Изменить размер шрифта - +
И, может, именно поэтому дьявол хочет воспользоваться красотой для своих целей. Красота может стать демонической не по своей сущности, не потому, что она есть, она может быть лишь использована в борьбе полярно противоположных сил.

Возможна обманная красота, обманная красота иных женщин, обманная красота иных произведений искусства. Демоническое начало не в красоте и не в творчестве, а во внутреннем состоянии и направленности человека. Любят говорить о демоническом начале в творчестве Леонардо, напр. в его Иоанне Крестителе и Джиоконде. Но демоническое, которое, может быть, было в самом Леонардо, сгорело в его творческом акте, в котором совершалось преображение и через который достигается вечность. Почва, на которой легко появляются демонические уклоны, есть эстетство, которое признает лишь эстетические ценности и ими подменяет все другие, напр. ценности истины и добра. Но великие творцы никогда не были эстетами. Эстетство есть не творческое состояние, это есть состояние пассивности. Эстет живет окружениями, он вращается в мире вторичном, а не первичном. Он никогда не ищет правды и не любит правды, как неприятного напоминания. Демонические уклоны, которые на этой почве рождаются, не глубокие. Я, впрочем, склонен думать, что эстеты не любят и красоты, ибо у них нет притяжения к божественной высоте. Самые ядовитые плоды порождает эстетизм в жизни общественной, искажая все оценки. Это можно видеть по Ницше и К. Леонтьеву. Недопустимо враждовать против осуществления большей справедливости в социальной жизни по тем основаниям, что в несправедливом социальном строе прошлого было больше красоты.
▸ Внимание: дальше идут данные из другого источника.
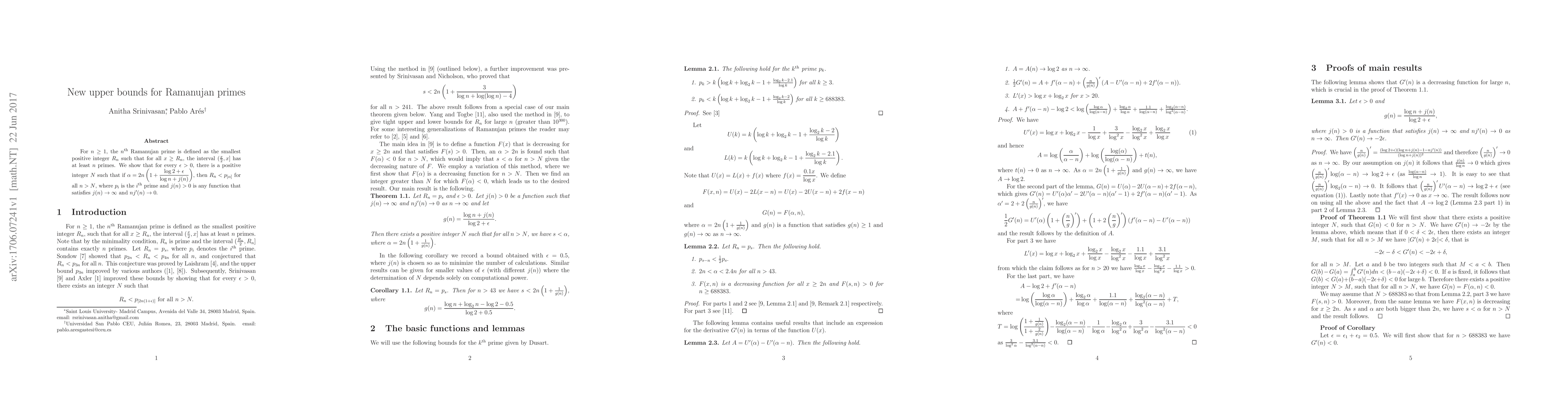 For $n\ge 1$, the $n^{\rm th}$ Ramanujan prime is defined as the smallest positive integer $R_n$ such that for all $x\ge R_n$, the interval $(\frac{x}{2}, x]$ has at least $n$ primes. We show that for every $\epsilon>0$, there is a positive integer $N$ such that if $\alpha=2n\left(1+\dfrac{\log 2+\epsilon}{\log n+j(n)}\right)$, then $R_n< p_{[\alpha]}$ for all $n>N$, where $p_i$ is the $i^{\rm th}$ prime and $j(n)>0$ is any function that satisfies $j(n)\to \infty$ and $nj'(n)\to 0$.

Исторический эстетизм и романтизм К. Леонтьева всегда есть ложь и неправда.

Интуитивное восприятие красоты природы, красоты человека, красоты художественного произведения есть творческое преодоление хаоса, разложения и уродства. Восприятие красоты есть прорыв за уродливую кору, покрывающую мир. Совершенно ложно ставится вопрос, когда в книгах по эстетике спрашивают, объективна или субъективна красота. Когда говорят, что красота субъективна, а не объективна, то этим хотят сказать, что она есть субъективная иллюзия, лишь субъективное состояние человека. Неверно сказать, что красота объективна. Но сказать, что красота субъективна, и значит сказать, что она реальна, ибо реальность в субъективности, в полной еще огня первичной жизни существования, а не в объективированном бытии, в котором огонь жизни уже охлажден.

Это приводит к сложному вопросу об отношении между творчеством и объективацией или отчуждением. Есть ли воплощение всякого творческого акта объективация? Есть ли красота, создаваемая творческими силами природы и творческими силами человека, непременно «классическая», «объективная» красота? Спор классицизма и романтизма с этим связан. Классицизм как будто бы требует объективной законченности, завершенности, т. е. совершенства продуктов творчества. То же может быть в явлениях природы, которые могут быть классическими, завершенными. Но природа может быть и романтической. Этим полны романы Вальтер Скотта. Классическая объективность есть достижение совершенства в конечном, как бы победа над бесформенной бесконечностью. Не случайно греки связывали совершенство с конечностью и боялись бесконечности, как хаоса. Романтизм же, который по-настоящему обнаруживает себя лишь в христианский период истории, устремленный к бесконечному, не верит в достижимость совершенства в конечном.

Классическое есть такое же вечное начало, как и романтическое. Человеческое творчество не может не стремиться к совершенству формы, как не может удовлетвориться ни на чем конечном, замкнутом в этом мире. Нуменальное, из которого и исходит творчество, должно всегда переходить за грани феноменального, конечное должно разбиваться устремлением к бесконечному. Отношения между формой и бесконечным содержанием жизни противоречивы и парадоксальны. Красоты нет без формы, бесформенность некрасива и может быть уродливой.